Radboud University Medical Center

Status and phase

Completed
Phase 4

Conditions

Pneumoperitoneum
Surgery
Neuromuscular Blockade

Treatments

Procedure: Low pressure pneumoperitoneum
Drug: Rocuronium Bromide

Study type

Interventional

Funder types

Other
Industry

Identifiers

NCT03608436
NL65290.091.18

Details and patient eligibility

About

Randomised controlled trial comparing the effect of low pressure pneumoperitoneum with deep neuromuscular block versus normal pressure pneumoperitoneum with moderate neuromuscular block during laparoscopic colorectal surgery on early quality of recovery.

Full description

Rationale: the laparoscopic approach reduced trauma as compared to open surgery, however, the pressure used to create a PNP with sufficient surgical workspace still leads to significant tissue injury. Prior studies show that the use of low-pressure pneumoperitoneum (PNP) during laparoscopic surgery reduced postoperative pain scores, cumulative opioid consumption and improved bowel function recovery. Deep neuromuscular blockade (NMB) as compared to moderate NMB decreases the amount of intra-abdominal pressure required to achieve similar surgical conditions and enables the use of low-pressure PNP without compromising the quality of the surgical field and patient safety. Therefore, the use of deep NMB with low-pressure PNP could be a significant addition to the conventional Enhanced Recovery After Surgery (ERAS) protocols.

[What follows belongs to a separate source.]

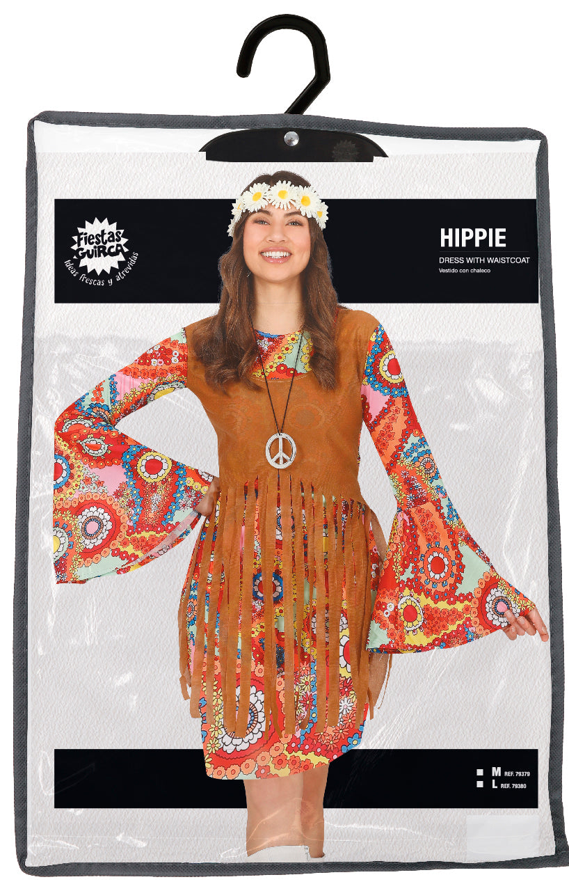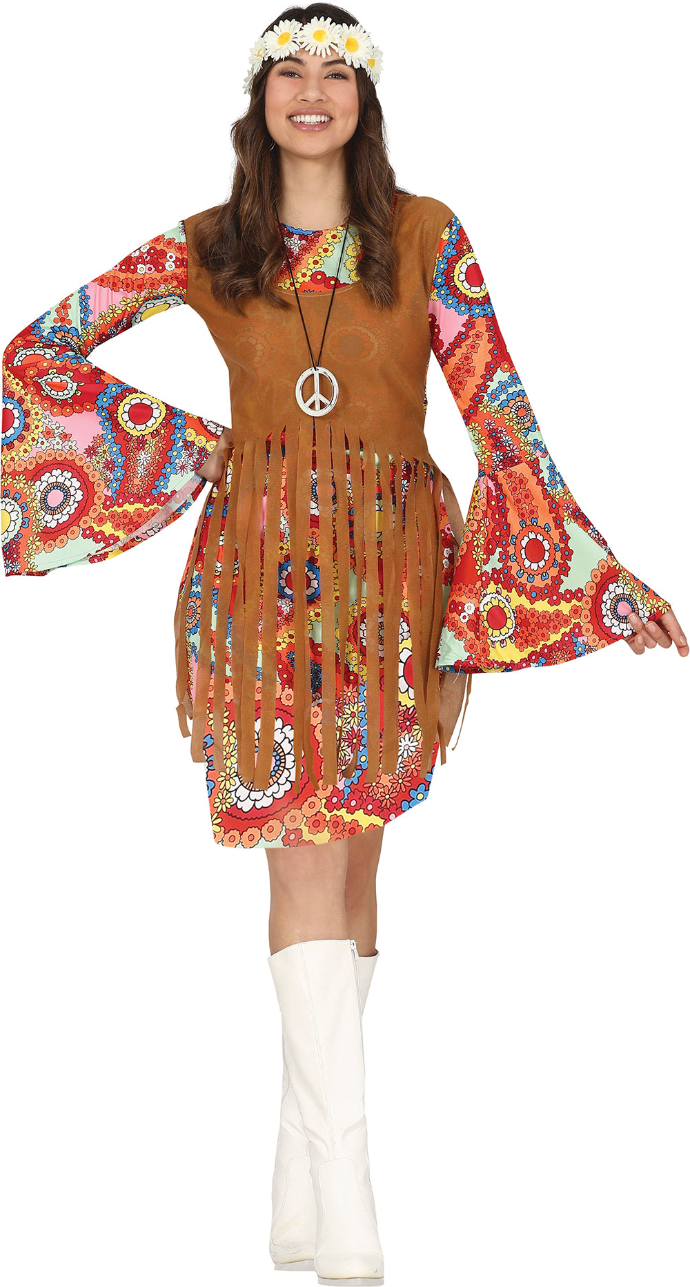 Dieses Hippie-Kleid im 60er-Jahre-Stil für Damen entführt Sie in die farbenfrohe und unbeschwerte Zeit der 1960er-Jahre. Perfekt für Mottopartys, Karneval oder Festivals.

Objective: to establish the relationship between the use of low pressure pneumoperitoneum with deep neuromuscular blockade and the early quality of recovery after laparoscopic colorectal surgery.

Study design: a multi-center, blinded, randomized controlled clinical trial.

Study population: adult individuals scheduled for laparoscopic colorectal surgery with a primary colonic anastomosis.

Intervention: participants will be randomly assigned in a 1:1 fashion to either the experimental group (group A): low pressure PNP (8 mmHg) with deep NMB (PTC 1-2) or the control group (group B): normal pressure PNP (12 mmHg) with moderate NMB (TOF count 1-2).

Primary endpoint: Quality of recovery score (QoR-40) 24 hours after surgery.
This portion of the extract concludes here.